[TASK STATEMENT]: Everything in the records below from the line containing "Título: Crean avatares" through the line containing "从某一刻开始,《血饮传说》整" is to be reproduced exactly, those two lines included; no picture is to be copied.

[DATASET EXCERPTS]:
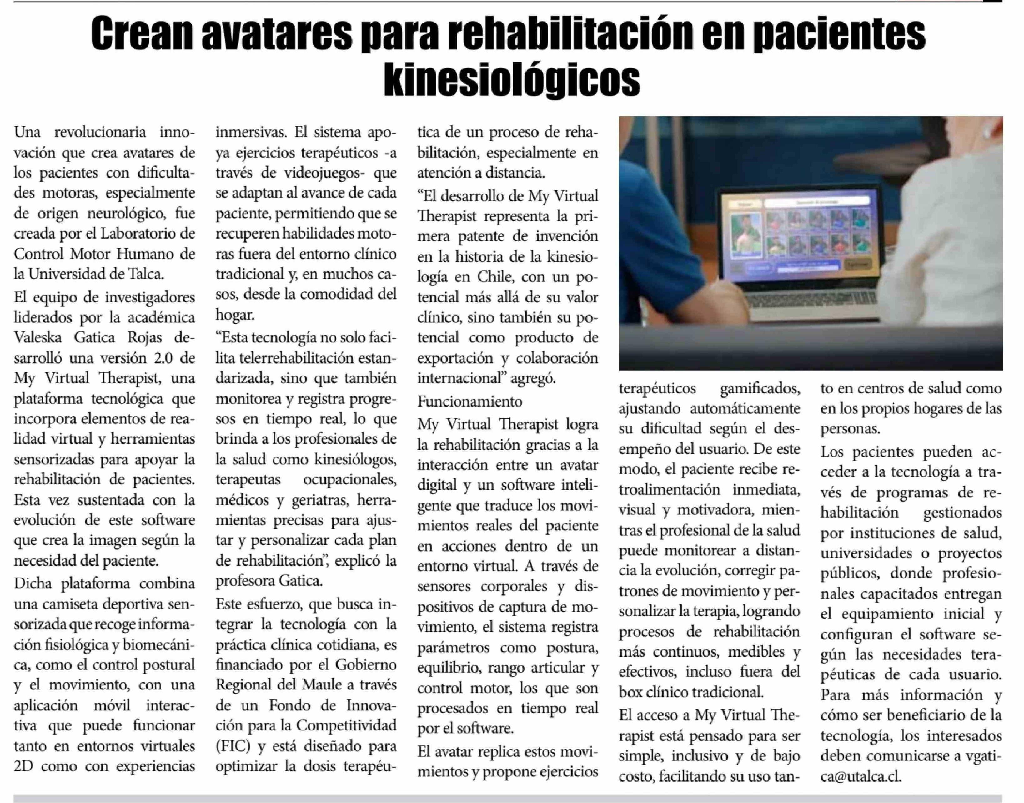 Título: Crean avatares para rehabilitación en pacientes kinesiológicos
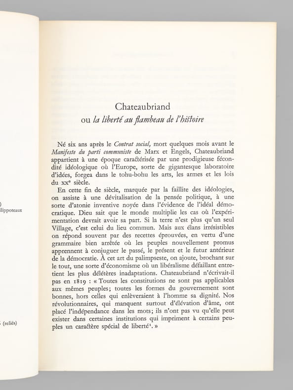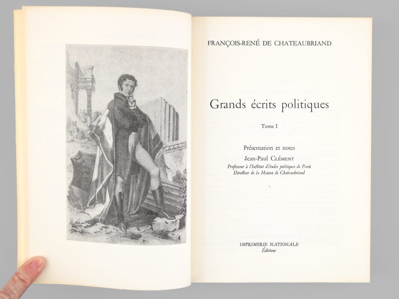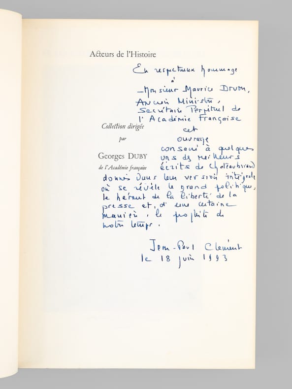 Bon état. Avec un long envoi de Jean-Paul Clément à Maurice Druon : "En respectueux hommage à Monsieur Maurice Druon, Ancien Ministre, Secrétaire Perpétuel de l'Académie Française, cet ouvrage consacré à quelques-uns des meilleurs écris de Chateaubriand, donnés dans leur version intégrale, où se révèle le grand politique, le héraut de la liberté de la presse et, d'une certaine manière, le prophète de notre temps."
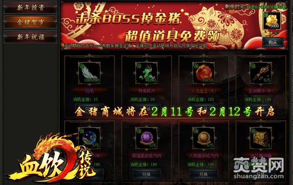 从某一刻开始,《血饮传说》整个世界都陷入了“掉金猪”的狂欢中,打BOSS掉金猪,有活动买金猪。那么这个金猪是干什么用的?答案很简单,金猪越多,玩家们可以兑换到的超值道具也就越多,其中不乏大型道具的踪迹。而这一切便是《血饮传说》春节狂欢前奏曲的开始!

...

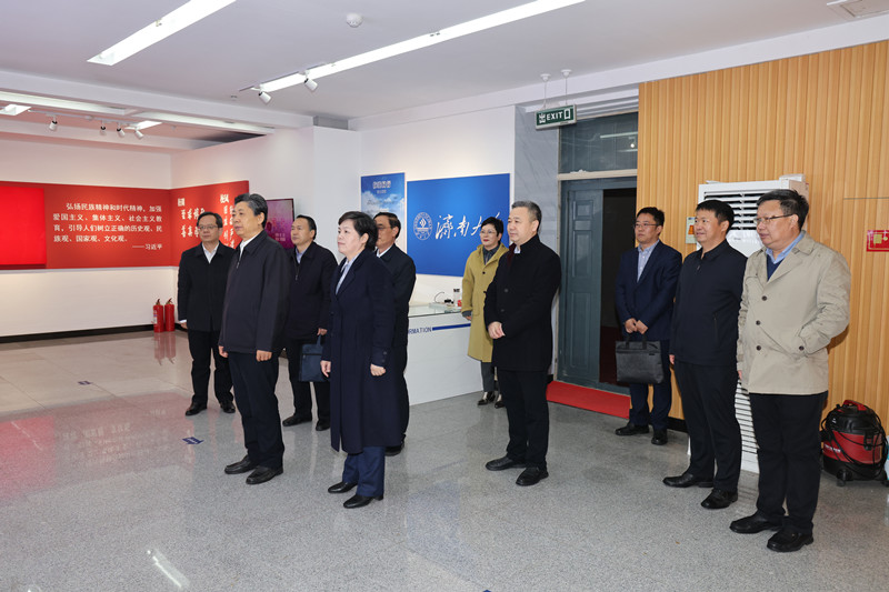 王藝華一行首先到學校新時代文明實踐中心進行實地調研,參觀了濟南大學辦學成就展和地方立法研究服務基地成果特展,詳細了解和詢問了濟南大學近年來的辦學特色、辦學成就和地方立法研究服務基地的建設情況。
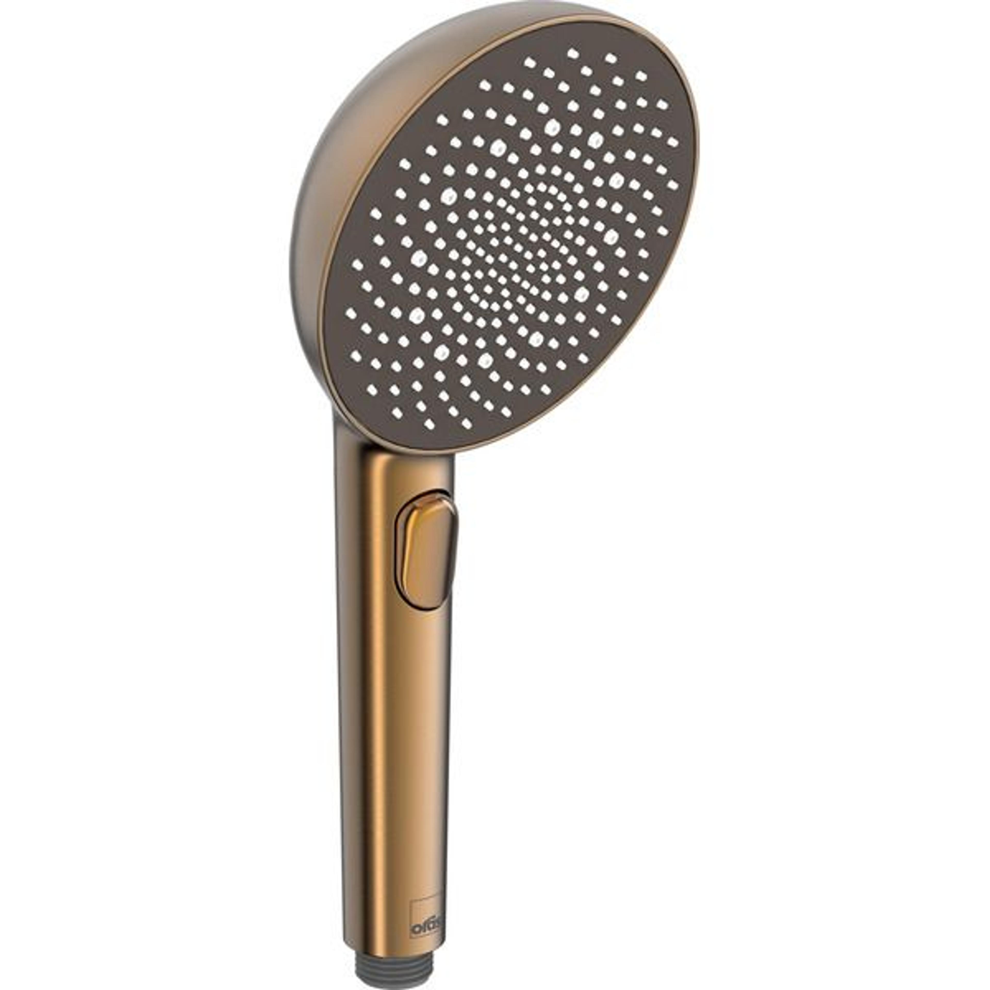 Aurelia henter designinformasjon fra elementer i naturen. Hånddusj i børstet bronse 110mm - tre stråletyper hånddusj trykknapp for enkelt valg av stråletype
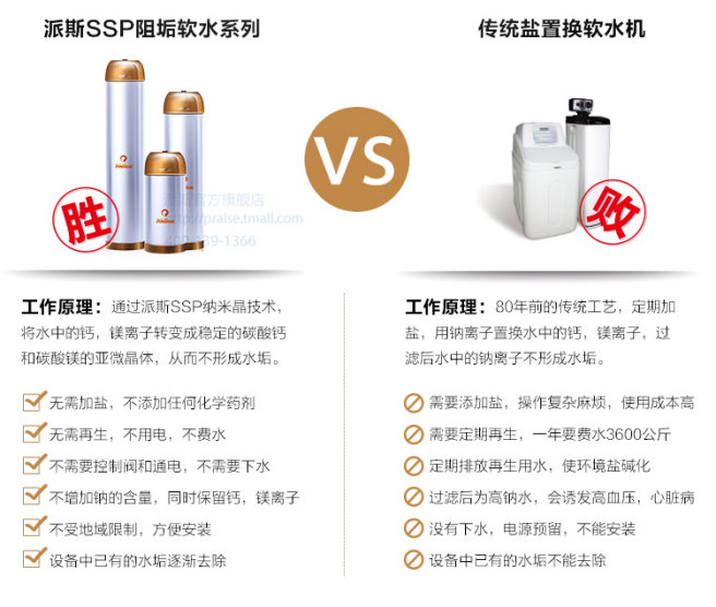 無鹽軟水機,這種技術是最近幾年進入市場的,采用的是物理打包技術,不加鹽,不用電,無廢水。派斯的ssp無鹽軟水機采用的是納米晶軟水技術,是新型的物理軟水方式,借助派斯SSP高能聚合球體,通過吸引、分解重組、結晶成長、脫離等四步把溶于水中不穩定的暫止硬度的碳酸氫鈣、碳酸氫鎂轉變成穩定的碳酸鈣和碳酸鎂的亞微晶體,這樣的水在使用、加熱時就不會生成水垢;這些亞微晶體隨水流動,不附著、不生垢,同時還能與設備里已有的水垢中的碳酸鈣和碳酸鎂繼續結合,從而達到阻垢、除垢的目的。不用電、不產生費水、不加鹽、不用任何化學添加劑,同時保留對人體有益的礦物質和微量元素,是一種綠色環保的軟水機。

[SOLUTION TO THIS TASK]:
 Título: Crean avatares para rehabilitación en pacientes kinesiológicos
 Bon état. Avec un long envoi de Jean-Paul Clément à Maurice Druon : "En respectueux hommage à Monsieur Maurice Druon, Ancien Ministre, Secrétaire Perpétuel de l'Académie Française, cet ouvrage consacré à quelques-uns des meilleurs écris de Chateaubriand, donnés dans leur version intégrale, où se révèle le grand politique, le héraut de la liberté de la presse et, d'une certaine manière, le prophète de notre temps."
 从某一刻开始,《血饮传说》整个世界都陷入了“掉金猪”的狂欢中,打BOSS掉金猪,有活动买金猪。那么这个金猪是干什么用的?答案很简单,金猪越多,玩家们可以兑换到的超值道具也就越多,其中不乏大型道具的踪迹。而这一切便是《血饮传说》春节狂欢前奏曲的开始!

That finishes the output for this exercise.